ROKAN HILIR – Personel Koramil 04/Kubu bersama aparat kepolisian, masyarakat, dan Masyarakat Peduli Api (MPA) berjibaku menyetujui kebakaran hutan dan lahan (karhutla) yang melanda Kepenghuluan Tanjung Leban, Kecamatan Kubu, Kabupaten Rokan Hilir, Sabtu (6/6/2026).1,7 hektare lahan yang akan dipadamkan dari total luas terdampak yang mencapai dua hektare.
Tim gabungan memastikan masih menjaga suhu di lokasi kebakaran agar api tidak kembali muncul di tengah cuaca panas yang melanda wilayah tersebut. Upaya ini dilakukan setelah sebagian besar titik api berhasil dikendalikan.
Karhutla terjadi di lahan gambut yang telah ditanami kelapa sawit dan kebun singkong. Lokasi kebakaran berada sekitar 10 kilometer dari Markas Koramil 04/Kubu. Berdasarkan pendataan di lapangan, luas lahan yang terbakar diperkirakan mencapai dua hektar. Dari jumlah tersebut, sekitar 1,7 hektare telah berhasil dipadamkan, sementara sekitar 0,3 hektare masih menyisakan titik-titik asap yang terus diawasi petugas.
Sebanyak 15 personel gabungan dikerahkan dalam operasi pemadaman dan pendinginan. Mereka terdiri dari tiga personel TNI, empat personel Polri yang dipimpin Kapolsek Kubu, enam warga masyarakat, serta dua anggota MPA.
Untuk mendukung proses pemadaman, tim menggunakan dua unit mesin mini striker, dua nozel, dua selang hisap, dan 15 selang buang. Peralatan tersebut dimanfaatkan untuk menjangkau titik-titik asap yang masih tersisa di area kebakaran.
Pemilik lahan yang diketahui terbakar bernama Sari Barus Tarigan (55), warga Simpang Pelita. Sementara itu, penyebab kebakaran hingga kini masih dalam penyelidikan pihak Polsek Kubu.
Di lapangan, petugas menghadapi sejumlah kendala. Cuaca yang sangat panas disertai angin kencang membuat bara api berpotensi kembali menyala.

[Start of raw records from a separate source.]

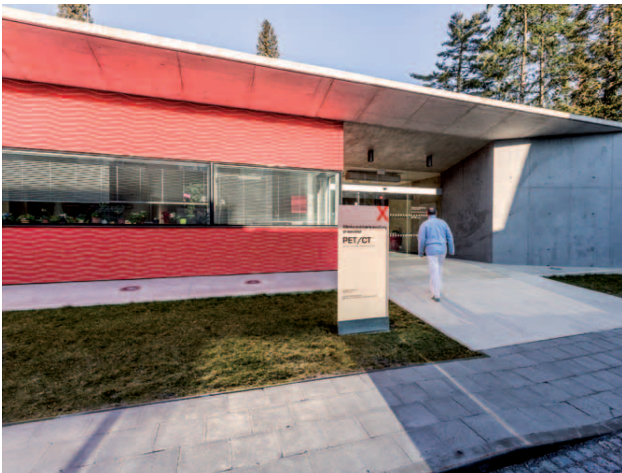
Dokončení výstavby pracoviště PET Kliniky nukleární medicíny v areálu FNO Completion of the PET Nuclear Medicine Clinics at the University Hospital in Olomouc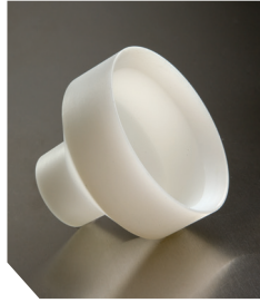
Тримач для пляшок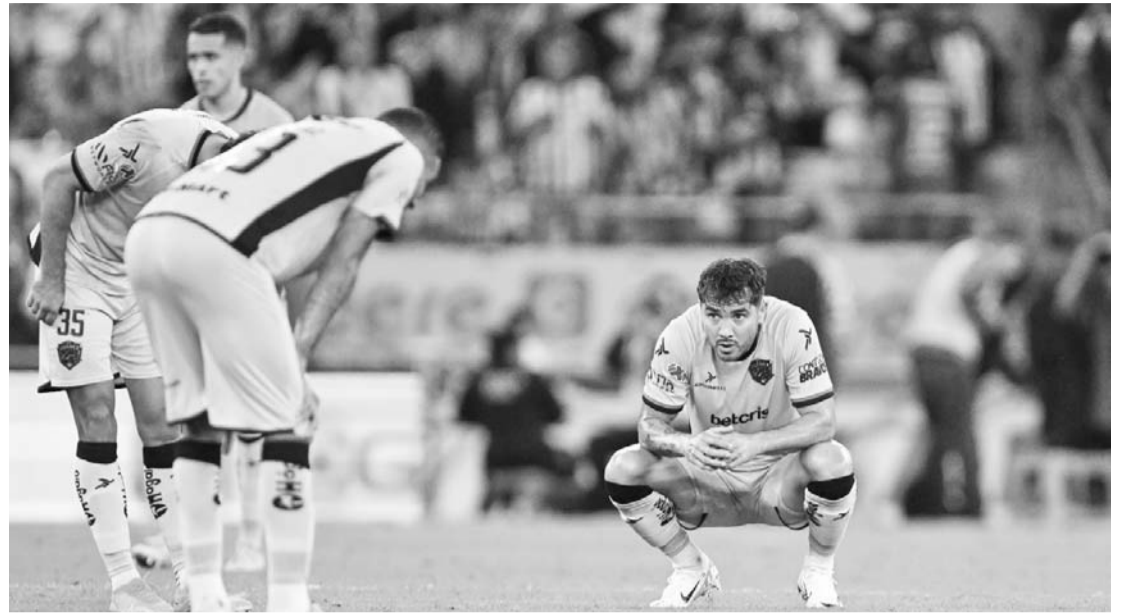
Ciudad Juárez se desmoronó desde el gol temprano.

tos, es un enojo, lo importante es lesión, sintió una molestia”, expuso. que Jesús está bien, no tiene una (AC)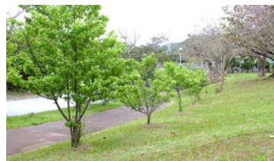
市道沿いのサクラ、散策者に人気だ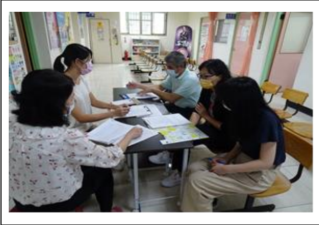
感染管制查核-資料檢視與說明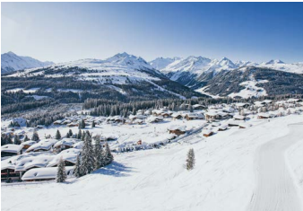
1.600 / 900 METER KÖNIGSLEITEN & WALD

Located in the heart of the Zillertal, Zell presents itself as an eventful entry into the Zillertal Arena and is the perfect holiday resort to experience the entire 548 km of slopes in the Zillertal. Zell also has a lot to offer off the slopes: The Zell leisure park and the BrauKunstHaus adventure world enrich the holiday experience. Even more action is offered by two snowtubing tracks as well as the 7 km long illuminated natural toboggan run in the area Gerlosstein.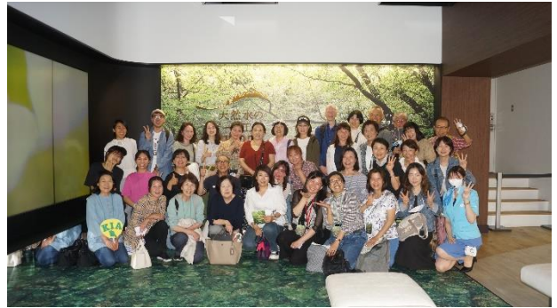
2023年5月19日にサントリー武蔵野工場へ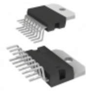
L5956 STMicroelectronics IC VREG MULTIFUNCT MULTIWATT15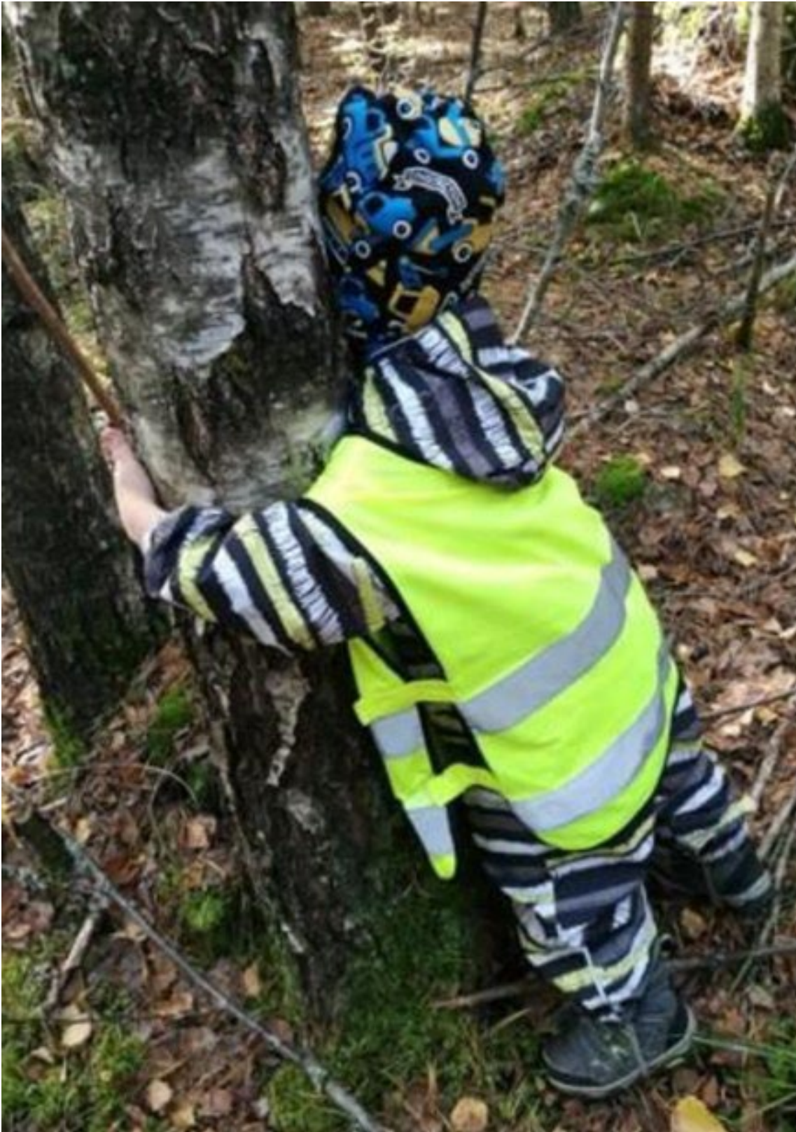
Metsä hoivaa ja rauhoittaa

Luonnossa toimimisen tueksi varhaiskasvatukselle laadittiin oma ympäristökasvatussuunnitelma vuoden 2023 aikana. Suunnitelmassa muun muassa esitellään lähiseudun retkikohteita, materiaalivinkkejä sekä vuosikello, jonka avulla voimme toiminnassa huomioida erilaisia teemapäiviä sekä -viikkoja. Suunnitelmassa huomioimme ympäristökasvatuksen ulottuvuudet; oppimisen ympäristöstä ja ympäristössä sekä toimimisen ympäristön puolesta.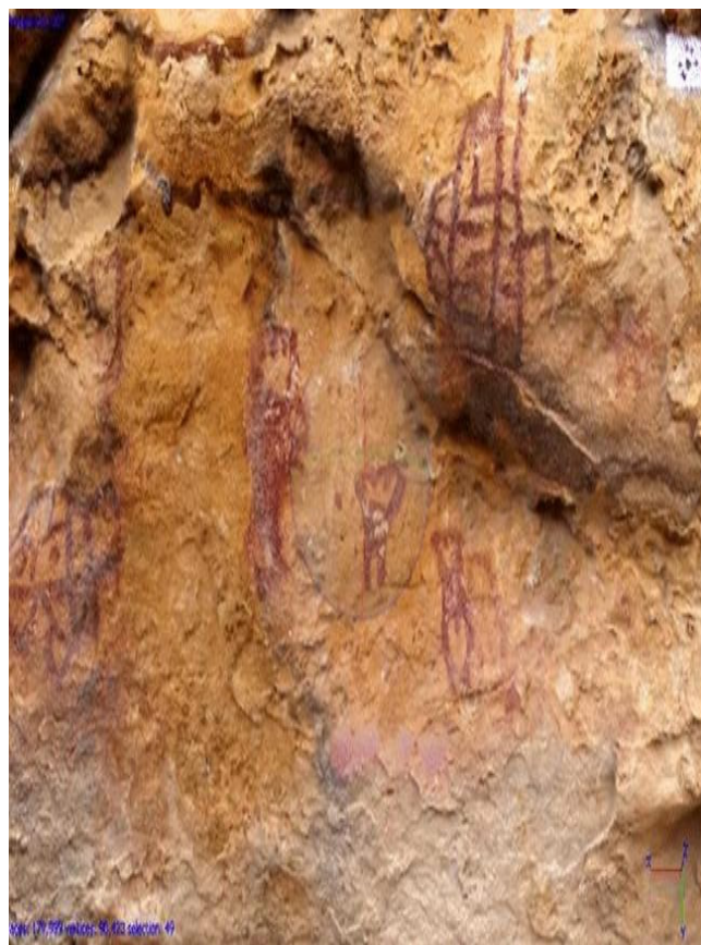
Figura 3. Pictografía de la cultura guane (Alvarado Ríos, 9 de enero de 2018).

En este territorio del departamento de Santander se han podido ubicar una serie de pinturas (tipografías) de la comunidad guane, las cuales están en peligro por diferentes factores. Específicamente, en la región de Mesa de los Santos (Santander), la antropóloga Mónica Johanna Giedelmann Reyes y su equipo han logrado establecer la georreferenciación de un total de 158 puntos de valor arqueológico, los cuales constituyen una colección de pinturas de enorme valor patrimonial y arqueológico que deben ser cuidadas y valoradas, como todos los sitios en nuestro país (Alvarado Ríos, 9 de enero de 2018).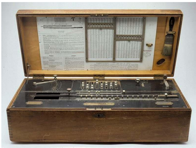
Fig. 8. Foto uit het boekje Verhalen rond een foto.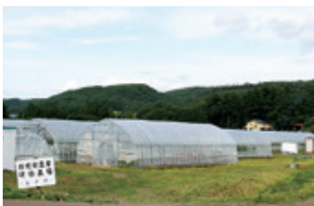
新規就農者研修農場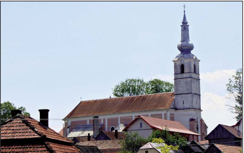
A gyergyóremetei Szent Lénárd apát plébániatemplom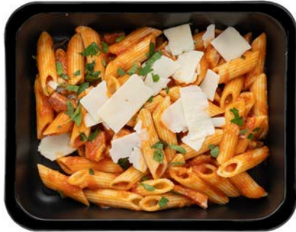
Pasta all'arrabiata Pâtes all'arrabiata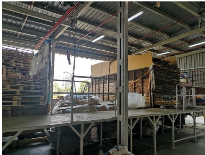
Obr. 3 Nakládací stanoviště u montážní haly

Na venkovním stanovišti je pak obalový materiál manuálně nakládán na nákladní vozy. Primárním cílem je naložit na vůz co největší množství odpadu. Nakladači jsou schopní zajít do extrémů, které by v Evropě nebyly tolerovány. V Indii jsou nicméně silnice široké, semaforů je málo, zpravidla stávají až za křižovatkou nebo na sloupu vedle silnice, a nadzemní elektrické vedení bývá dostatečně vysoko, takže není problém naložit vozy tak, jak je patrné na obrázku 4. Tyto vozy jsou ve vlastnictví firem, které odpad vykupují a dále zpracovávají nebo přepravují (viz. Kapitola 1). Těchto firem je v okolí Pune několik a zpravidla mívají odlišné zaměření. Řidič s posádkou vozu se většinou aktivně podílí na nakládání odpadu.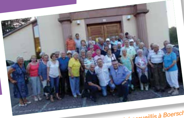
Jumelage : Les seniors d'Ohlsbach ont été accueillis à Boersch fin mai, une visite du nord de l'Alsace leur a été proposée. La journée s'est terminée à la salle des fêtes autour d'une bonne tarte flambée.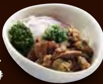
数量限定 牛すじ ポン酢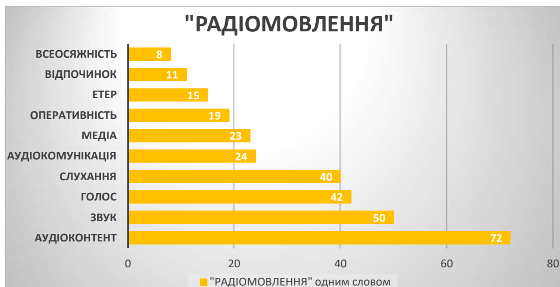
Рис. 3. Рейтинг асоціативних відповідників до терміна «радіомовлення» від аудиторії дослідження (2022 р.)

вищих позначках рейтингу, що також сприймається очікувано. Зрештою, маємо також відповідники для трьох основних функцій телерадіомовлення: інформувати – «контент», пізнавати – «комунікація», розважати – «відпочинок».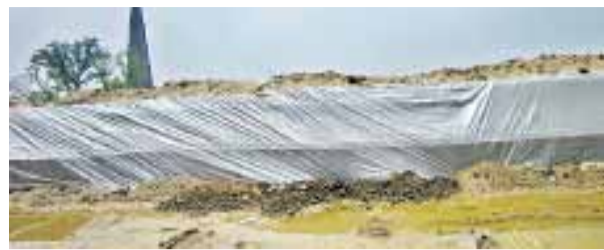
प्री मानसून की आहत से इस तरह ईंटों की सुरक्षा की जा रही है।

प्री मानसून की दस्तक से राहत पाए लोग अब ईंटों के रेट बढ़ने से परेशानी में आ सकते हैं। बरसात की रिमहिम होने से 15 दिन पहले ही अपने भट्टों को बंद करने वाले संचालक अपनी दो बवालिटों की प्रति हजार ईंट पर एक हजार से लेकर 1800 रूपए रेट बढ़ाने की मंशा में हैं। इधर समय से पहले भट्टे बंद होने पर मजदूर परिवार भी अन्य मजदूरी के लिए स्वतंत्र हो गए हैं। वे भट्टों से रवानगी लेने लगे हैं।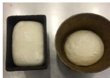
Бақылау наны сұйық ашымалмен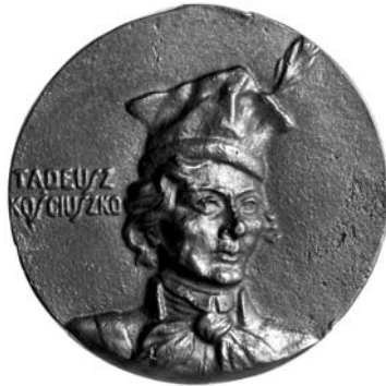
NN, Polska, MNE 8568

Aby obraz warszawskiej kolekcji był pełny, trzeba tu jeszcze zaprezentować dwa medale, które nie zostały w żaden sposób osygnowane. Trudno również określić czas ich powstania, autorstwo, a także miejsce wytworzenia. Uzupełnienie tych danych byłoby możliwe w wyniku żmudnych poszukiwań w literaturze przedmiotu czy też w wyniku analiz porównawczych w oparciu o inne kolekcje numizmatyczne.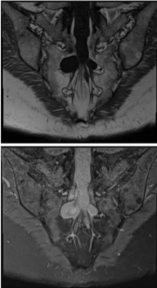
Figura 1. RMN de quistes de Tarlov, corte axial, señal T1 imagen superior, T2 imagen inferior; se pueden observar los tractos fistulosos hacia el canal raquídeo.

Selain itu, sumber air yang letaknya cukup jauh dari lokasi kebakaran menjadi tantangan tersendiri dalam proses pemadaman.
Meski demikian, tim gabungan tetap bertahan di lokasi untuk memastikan seluruh titik secepatnya benar-benar padam. Langkah pembakaran terus dilakukan guna mencegah kebakaran meluas kembali dan mengantisipasi munculnya titik api baru di kawasan lahan gambut tersebut.